# Static Routing

## NeddySeagoon

Hi,

I've migrated to Gentoo from RedHat, which I've been using since RH 6.1.  Everything has gone well so far.

I've got to the point where I need to customise startup things and I want to do it so that next time I do emerge sync, emerge world, it doesn't break.

What I want to do (to start with)  is add a static route  as in:-

route add -net 192.168.0.0 gw 192.168.100.6 netmask 255.255.255.0

so that it happens on boot.

Does Gentoo provide a link to run your own script at boot time such that updates won't break it?

Regards,

NeddySeagoon

----------

## slartibartfasz

this should happen automatically when your eth interface is started via the script in /etc/init.d/net.eth0, which reads information from /etc/conf.d/net.

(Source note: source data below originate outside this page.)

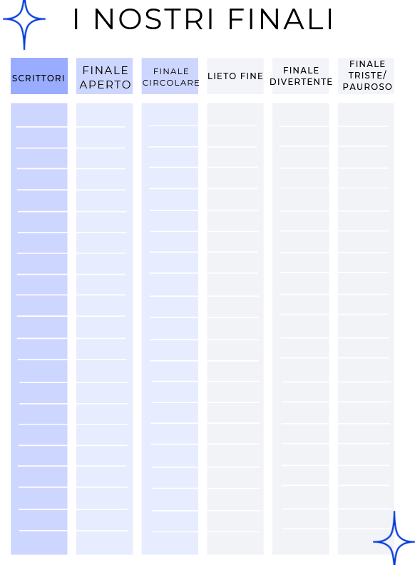 Una volta che siete riusciti a collocare tutti i testi in una di queste colonne, dovrete scegliere che genere di finale volete dare alla storia di Max e Leo. Preferite un finale aperto, oppure un finale in cui la situazione torna uguale a quella di partenza? Volete un finale lieto o triste? Divertente o pauroso?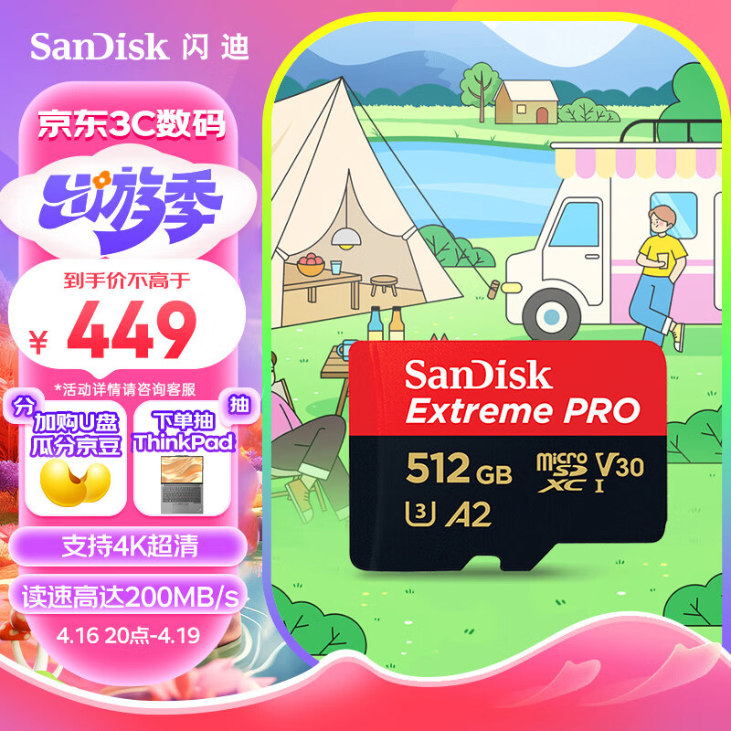 闪迪(SanDisk)A2 512GB TF(MicroSD)存储卡 V30 U3 4K超极速移动版内存卡 读速200MB/s 写速140MB/s价格:449.00元!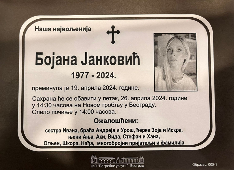 Porodica Bojane Janković danas je objavila umrlicu u kojoj se navode vreme i mesto sahrane.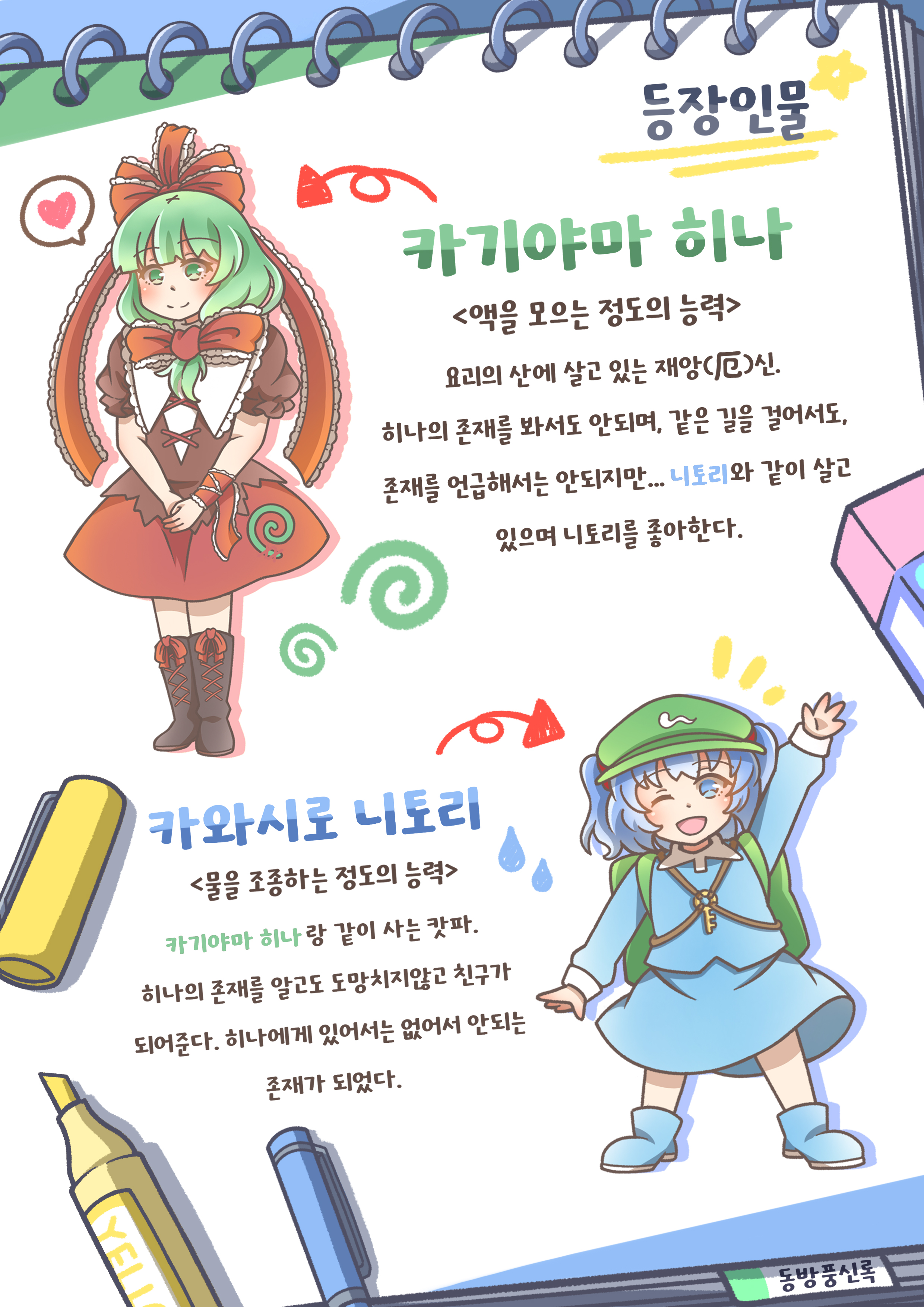 2girls ;d absurdres arm_up arrow_(symbol) black_footwear blue_eyes blue_footwear blue_hair blue_shirt blue_skirt boots commentary_request eraser flat_cap frilled_ribbon frills full_body green_hair green_headwear hair_bobbles hair_ornament hair_ribbon hat hayo_(qudtjr4682) heart highres kagiyama_hina kawashiro_nitori key korean_commentary korean_text medium_hair multiple_girls one_eye_closed open_mouth red_ribbon red_skirt ribbon rubber_boots shirt short_sleeves simple_background skirt smile spoken_heart touhou translation_request two_side_up v_arms white_background
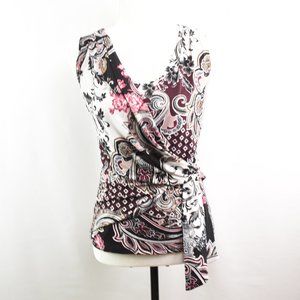 Crafted from our customer-fave matte jersey, this knit top features a regal display of swirling paisley, complemented by a universally flattering wrap design.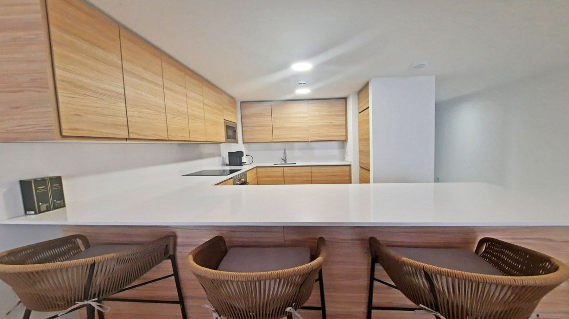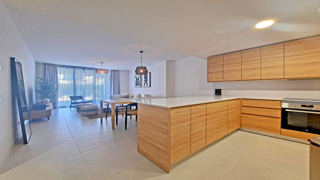 The open kitchen is a chef’s delight, fully fitted with top-of-the-line appliances. Its sleek design and functionality make it perfect for both casual meals and entertaining guests.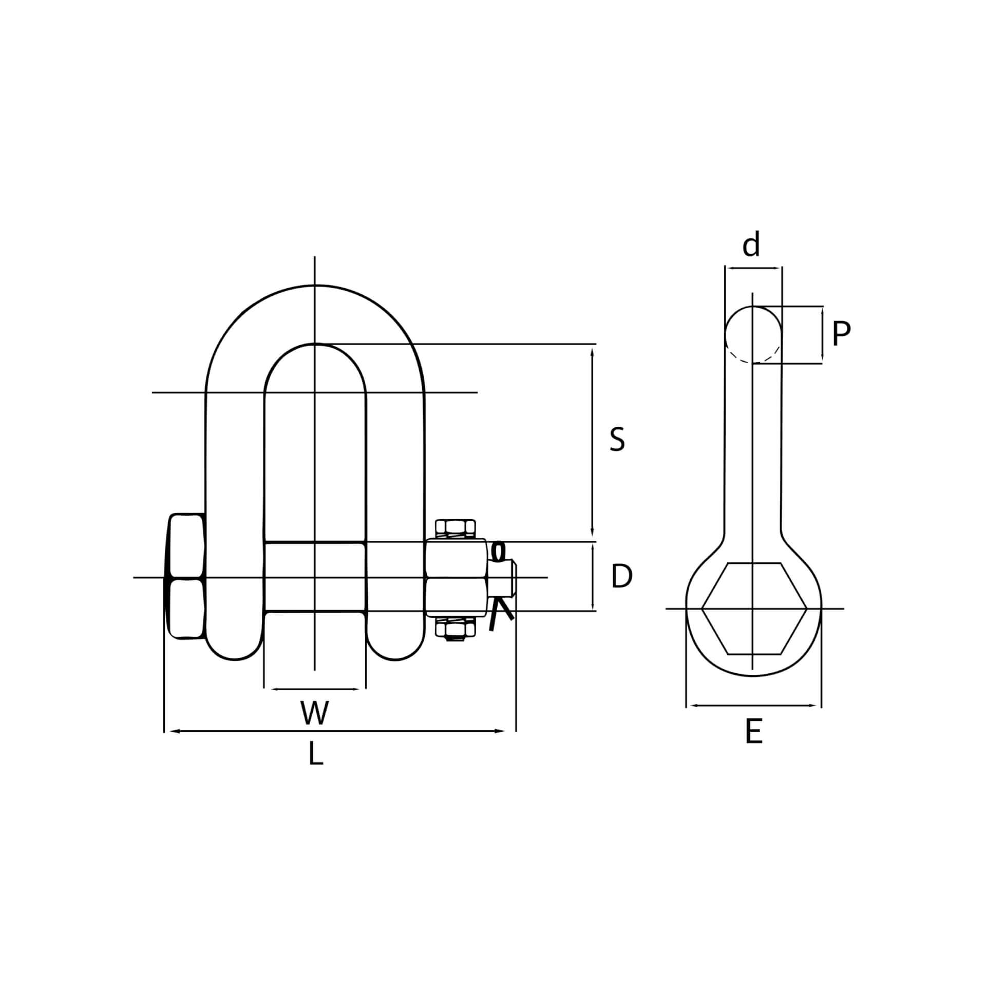 Grillete recto de perno pasante con tuerca y chaveta

to execute commands on booting take a look at /etc/conf.d/local.start

----------

## NeddySeagoon

slartibartfasz,

My default route to the outside world comes up fine, I have two network segments at home, one 100MHz full duplex on the 192.168.100.0 net and a coax segment on 192.168.0.0. One machince sits on both networks at 192.168.x.6

In additon to the default route I need a static route to the coax segment. 

I'll put the route add command in /etc/conf.d/local.start.  Thanks, that will do nicely.

Neddyseagoon

----------